I confirmed today that with just 3d21ef0b49f8 the issue can occur, but
with both 3d21ef0b49f8 and 17bc4815de58 the issue is not seen.

Do you think that it would be appropriate to include these in the stable
branches? They apply cleanly to v5.0, but we would probably need to
back-port for early kernels such as v4.19, v4.9, etc.

Cheers
Jon
Takashi Iwai March 25, 2019, 9:59 a.m. UTC | #4
On Thu, 21 Mar 2019 15:28:23 +0100,
Jon Hunter wrote:
> 
> 
> On 20/03/2019 17:59, Jon Hunter wrote:
> > 
> > On 20/03/2019 17:19, Takashi Iwai wrote:
> >> On Wed, 20 Mar 2019 17:04:14 +0100,
> >> Jon Hunter wrote:
> >>>
> >>> From: Jonathan Hunter <jonathanh@nvidia.com>
> >>>
> >>> This issue is not observed on the latest mainline kernel since the
> >>> 'ALSA: PCM suspend cleanup' series has been applied and the
> >>> snd_pcm_suspend_all() function call in the HDA codec driver has been
> >>> removed. However, this issue impacts stable kernel branches and so I
> >>> am trying to find a solution for these branches.
> >>>
> >>> When stress testing audio playback across multiple HDA streams
> >>> simultaneously, the following failure is sometimes observed when
> >>> starting playback ...
> >>>
> >>>  Unable to set hw params for playback: File descriptor in bad state
> >>>
> >>> The problem is caused because ...
> >>> 1. Playback is starting for one HDA codec and so the chip->open_mutex
> >>>    in azx_pcm_open() has been acquired.
> >>> 2. Playback for another HDA codec is starting but is blocked waiting to
> >>>    acquire the chip->open_mutex in azx_pcm_open().
> >>> 3. For the HDA codec that is blocked, its runtime-pm status is still
> >>>    enabled from a previous playback session that has since completed and
> >>>    been closed, however its autosuspend timeout has not expired yet.
> >>> 4. For the HDA codec that is blocked, the runtime-pm autosuspend timeout
> >>>    now occurs calling the runtime-pm suspend callback and this calls
> >>>    snd_pcm_suspend_all() placing all PCM streams in the suspended state.
> >>> 5. The block HDA codec is now unblocked and fails to set the HW params
> >>>    because the PCM stream is in the suspended state.
> >>>
> >>> The above has been observed on Tegra platforms where the autosuspend
> >>> delay is set to 1 second and there is a delay to an AZX command.

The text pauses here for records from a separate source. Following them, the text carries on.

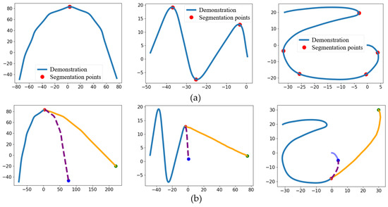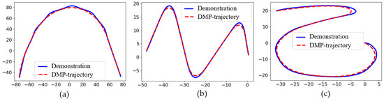 - Wang, R.; Wu, Y.; Chan, W.L.; Tee, K.P. Dynamic Movement Primitives Plus: For enhanced reproduction quality and efficient trajectory modification using truncated kernels and Local Biases. In Proceedings of the 2016 IEEE/RSJ International Conference on Intelligent Robots and Systems (IROS), Daejeon, Republic of Korea, 9–14 October 2016; pp. 3765–3771. [Google Scholar] [CrossRef]
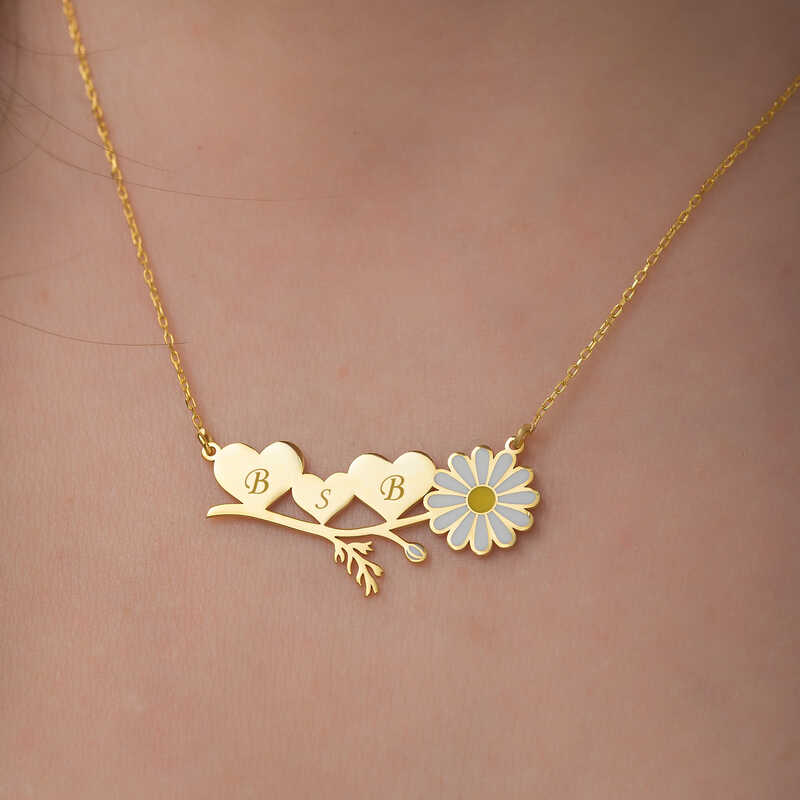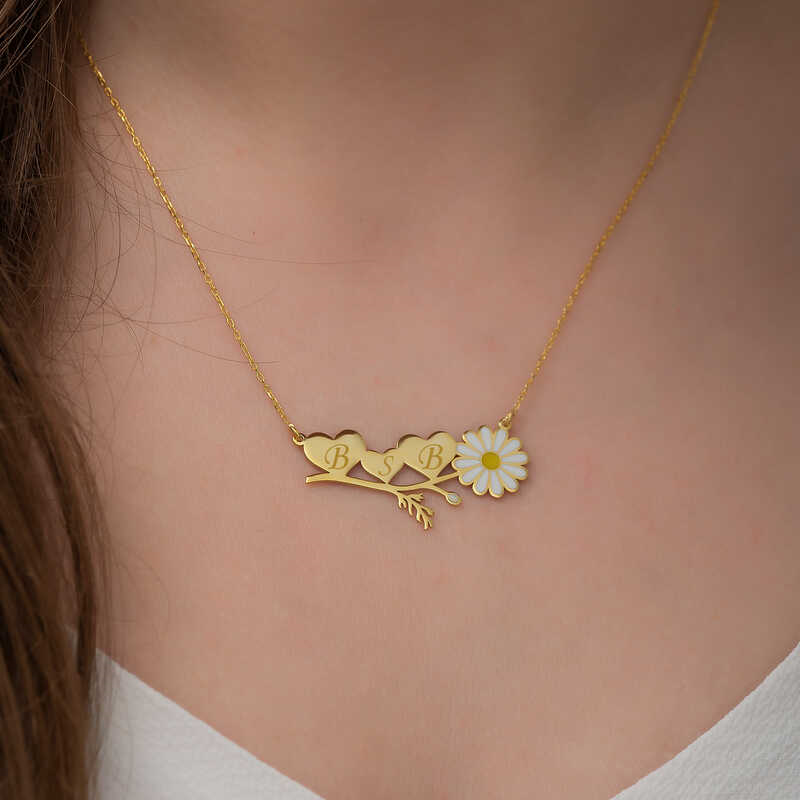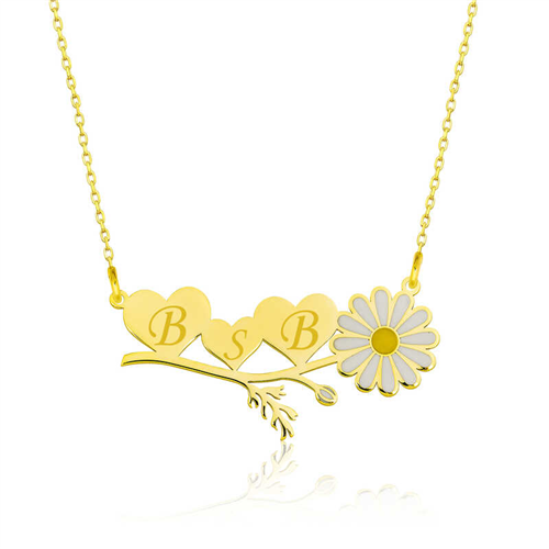 Silver Gold Personalized Heart Daisy Necklace Daisy flowers express the meaning of pure love. One of their most important features is that there is one on each stem. You can personalize the hearts with the initials of your loved one. A personalized heart daisy necklace is a perfect option for a birthday gift, Valentine's Day gift or a gift for mothers on special occasions. The silver daisy personalized heart women's necklace is made of 925 sterling silver. This necklace is gold plated. Gold plated silver women's necklace models preserve their shine for a long time and delays the tarnishing of the silver. As with all our silver women's necklace models, the silver personalized heart daisy women's necklace model is also handmade. Due to silver and precious stones, there may be a ± 10% deviation in the average product weight. Width: 3.60 cm Length: 1.60 cm Avg. Weight: 3.12 gr.
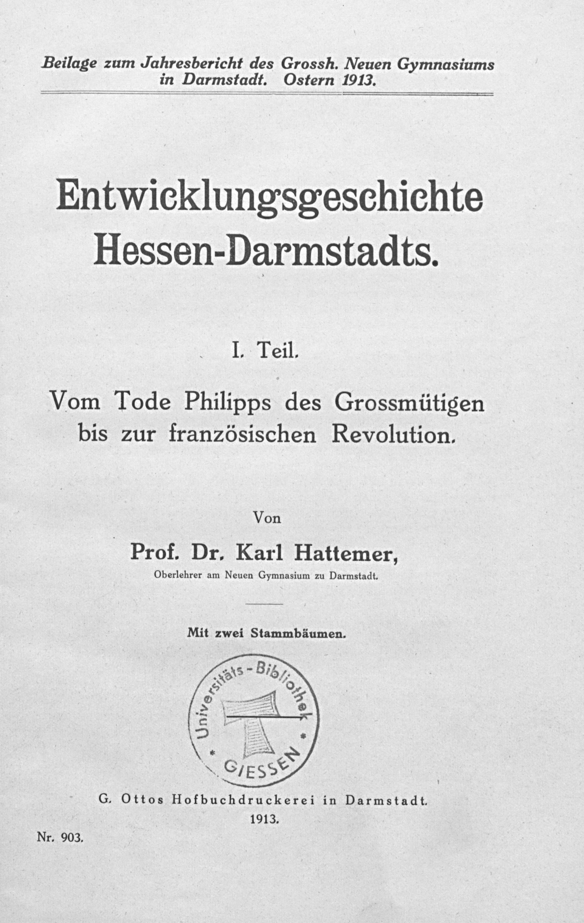 Entwicklungsgeschichte Hessen-Darmstadts. 1. Teil. Vom Tode Philipps des Großmütigen bis zur französischen Revolution

This
> >>> highlights that there is a window of time where autosuspend can place
> >>> the HDA PCM stream in the suspended state while opening the stream
> >>> and cause playback to fail.
> >>>
> >>> Looking at commit 3d21ef0b49f8 ('ALSA: pcm: Suspend streams globally via
> >>> device type PM ops') it appears that the call to snd_pcm_suspend_all()
> >>> has now been moved to the to the suspend handler for PCM streams and so
> >>> I am wondering if it would be equivalent to make the following change to
> >>> the HDA codec driver to achieve the same behaviour but only for the HDA
> >>> driver. So far the issue has not been observed with this change.
> >>>
> >>> Please note that I am not sending this as a formal patch as I wanted to
> >>> get some feedback/comments on the above.
> >>
> >> I guess just backporting 3d21ef0b49f8 should be OK even for older
> >> kernels.  This assures the PCM stream gets suspended before entering
> >> any parent device suspend call.
> >>
> >> The remaining changes (except for the one for atiixp) are merely
> >> cleanup of superfluous calls, and keeping them are harmless.
> >>
> >> Could you check whether my theory above correct?
> > 
> > I believe that you will need that change and 17bc4815de58 because we
> > need to prevent snd_pcm_suspend_all() being called in the pm-runtime
> > suspend callback. Applying only 3d21ef0b49f8 will means that at runtime
> > snd_pcm_suspend_all() can still be called from within the HDA codec
> > driver when the autosuspend timeout occurs. I will test this and
> > confirm. Maybe both could be backported?
> 
> I confirmed today that with just 3d21ef0b49f8 the issue can occur, but
> with both 3d21ef0b49f8 and 17bc4815de58 the issue is not seen.
> 
> Do you think that it would be appropriate to include these in the stable
> branches? They apply cleanly to v5.0, but we would probably need to
> back-port for early kernels such as v4.19, v4.9, etc.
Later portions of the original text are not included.